=== EXERCISE DIRECTIONS ===
Please copy the entries below word for word.

=== DATA TO USE ===
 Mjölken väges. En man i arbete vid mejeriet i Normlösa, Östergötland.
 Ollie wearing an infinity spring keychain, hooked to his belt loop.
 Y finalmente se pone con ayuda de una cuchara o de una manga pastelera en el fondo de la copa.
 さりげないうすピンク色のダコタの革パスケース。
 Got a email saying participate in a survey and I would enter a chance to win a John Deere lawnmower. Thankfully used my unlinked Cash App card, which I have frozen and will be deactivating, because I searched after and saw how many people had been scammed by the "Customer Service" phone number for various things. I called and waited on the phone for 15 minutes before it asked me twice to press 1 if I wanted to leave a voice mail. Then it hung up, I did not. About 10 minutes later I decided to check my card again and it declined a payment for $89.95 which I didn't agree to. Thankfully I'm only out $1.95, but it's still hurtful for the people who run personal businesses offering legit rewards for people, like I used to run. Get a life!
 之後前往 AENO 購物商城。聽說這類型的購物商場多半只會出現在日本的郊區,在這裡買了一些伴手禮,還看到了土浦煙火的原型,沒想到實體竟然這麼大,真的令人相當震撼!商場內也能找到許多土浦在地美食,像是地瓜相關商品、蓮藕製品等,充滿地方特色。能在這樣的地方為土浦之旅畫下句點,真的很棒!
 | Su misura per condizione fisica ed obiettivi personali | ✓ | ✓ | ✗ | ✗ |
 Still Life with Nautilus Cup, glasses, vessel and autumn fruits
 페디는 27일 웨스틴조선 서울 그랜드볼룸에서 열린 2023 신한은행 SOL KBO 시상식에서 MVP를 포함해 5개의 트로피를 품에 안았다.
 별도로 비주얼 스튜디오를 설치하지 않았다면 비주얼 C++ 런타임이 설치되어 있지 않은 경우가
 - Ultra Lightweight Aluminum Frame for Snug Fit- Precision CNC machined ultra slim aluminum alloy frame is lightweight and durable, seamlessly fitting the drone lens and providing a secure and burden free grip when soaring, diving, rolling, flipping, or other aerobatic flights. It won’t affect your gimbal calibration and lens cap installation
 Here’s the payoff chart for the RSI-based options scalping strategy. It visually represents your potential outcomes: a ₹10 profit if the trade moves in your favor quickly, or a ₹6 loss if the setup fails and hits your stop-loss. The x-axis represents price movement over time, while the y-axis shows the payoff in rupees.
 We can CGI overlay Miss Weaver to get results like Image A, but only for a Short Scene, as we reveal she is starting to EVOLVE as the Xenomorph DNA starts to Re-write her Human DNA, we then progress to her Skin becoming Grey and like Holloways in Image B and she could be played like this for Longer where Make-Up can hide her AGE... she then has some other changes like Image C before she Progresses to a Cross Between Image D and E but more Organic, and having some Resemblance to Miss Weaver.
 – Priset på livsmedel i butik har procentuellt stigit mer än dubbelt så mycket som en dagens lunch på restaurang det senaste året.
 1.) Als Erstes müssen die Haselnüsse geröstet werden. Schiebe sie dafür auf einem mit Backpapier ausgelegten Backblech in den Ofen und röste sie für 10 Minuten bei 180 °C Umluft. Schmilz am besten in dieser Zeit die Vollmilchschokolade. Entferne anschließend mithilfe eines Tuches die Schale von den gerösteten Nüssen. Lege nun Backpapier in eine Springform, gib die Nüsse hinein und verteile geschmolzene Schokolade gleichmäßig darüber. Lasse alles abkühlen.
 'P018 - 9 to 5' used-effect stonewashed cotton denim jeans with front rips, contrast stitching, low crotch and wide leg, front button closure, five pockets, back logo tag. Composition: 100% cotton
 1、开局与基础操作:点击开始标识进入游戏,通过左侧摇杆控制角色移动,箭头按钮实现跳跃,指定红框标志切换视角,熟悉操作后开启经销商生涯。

=== EXERCISE RESULT ===
 Mjölken väges. En man i arbete vid mejeriet i Normlösa, Östergötland.
 Ollie wearing an infinity spring keychain, hooked to his belt loop.
 Y finalmente se pone con ayuda de una cuchara o de una manga pastelera en el fondo de la copa.
 さりげないうすピンク色のダコタの革パスケース。
 Got a email saying participate in a survey and I would enter a chance to win a John Deere lawnmower. Thankfully used my unlinked Cash App card, which I have frozen and will be deactivating, because I searched after and saw how many people had been scammed by the "Customer Service" phone number for various things. I called and waited on the phone for 15 minutes before it asked me twice to press 1 if I wanted to leave a voice mail. Then it hung up, I did not. About 10 minutes later I decided to check my card again and it declined a payment for $89.95 which I didn't agree to. Thankfully I'm only out $1.95, but it's still hurtful for the people who run personal businesses offering legit rewards for people, like I used to run. Get a life!
 之後前往 AENO 購物商城。聽說這類型的購物商場多半只會出現在日本的郊區,在這裡買了一些伴手禮,還看到了土浦煙火的原型,沒想到實體竟然這麼大,真的令人相當震撼!商場內也能找到許多土浦在地美食,像是地瓜相關商品、蓮藕製品等,充滿地方特色。能在這樣的地方為土浦之旅畫下句點,真的很棒!
 | Su misura per condizione fisica ed obiettivi personali | ✓ | ✓ | ✗ | ✗ |
 Still Life with Nautilus Cup, glasses, vessel and autumn fruits
 페디는 27일 웨스틴조선 서울 그랜드볼룸에서 열린 2023 신한은행 SOL KBO 시상식에서 MVP를 포함해 5개의 트로피를 품에 안았다.
 별도로 비주얼 스튜디오를 설치하지 않았다면 비주얼 C++ 런타임이 설치되어 있지 않은 경우가
 - Ultra Lightweight Aluminum Frame for Snug Fit- Precision CNC machined ultra slim aluminum alloy frame is lightweight and durable, seamlessly fitting the drone lens and providing a secure and burden free grip when soaring, diving, rolling, flipping, or other aerobatic flights. It won’t affect your gimbal calibration and lens cap installation
 Here’s the payoff chart for the RSI-based options scalping strategy. It visually represents your potential outcomes: a ₹10 profit if the trade moves in your favor quickly, or a ₹6 loss if the setup fails and hits your stop-loss. The x-axis represents price movement over time, while the y-axis shows the payoff in rupees.
 We can CGI overlay Miss Weaver to get results like Image A, but only for a Short Scene, as we reveal she is starting to EVOLVE as the Xenomorph DNA starts to Re-write her Human DNA, we then progress to her Skin becoming Grey and like Holloways in Image B and she could be played like this for Longer where Make-Up can hide her AGE... she then has some other changes like Image C before she Progresses to a Cross Between Image D and E but more Organic, and having some Resemblance to Miss Weaver.
 – Priset på livsmedel i butik har procentuellt stigit mer än dubbelt så mycket som en dagens lunch på restaurang det senaste året.
 1.) Als Erstes müssen die Haselnüsse geröstet werden. Schiebe sie dafür auf einem mit Backpapier ausgelegten Backblech in den Ofen und röste sie für 10 Minuten bei 180 °C Umluft. Schmilz am besten in dieser Zeit die Vollmilchschokolade. Entferne anschließend mithilfe eines Tuches die Schale von den gerösteten Nüssen. Lege nun Backpapier in eine Springform, gib die Nüsse hinein und verteile geschmolzene Schokolade gleichmäßig darüber. Lasse alles abkühlen.
 'P018 - 9 to 5' used-effect stonewashed cotton denim jeans with front rips, contrast stitching, low crotch and wide leg, front button closure, five pockets, back logo tag. Composition: 100% cotton
 1、开局与基础操作:点击开始标识进入游戏,通过左侧摇杆控制角色移动,箭头按钮实现跳跃,指定红框标志切换视角,熟悉操作后开启经销商生涯。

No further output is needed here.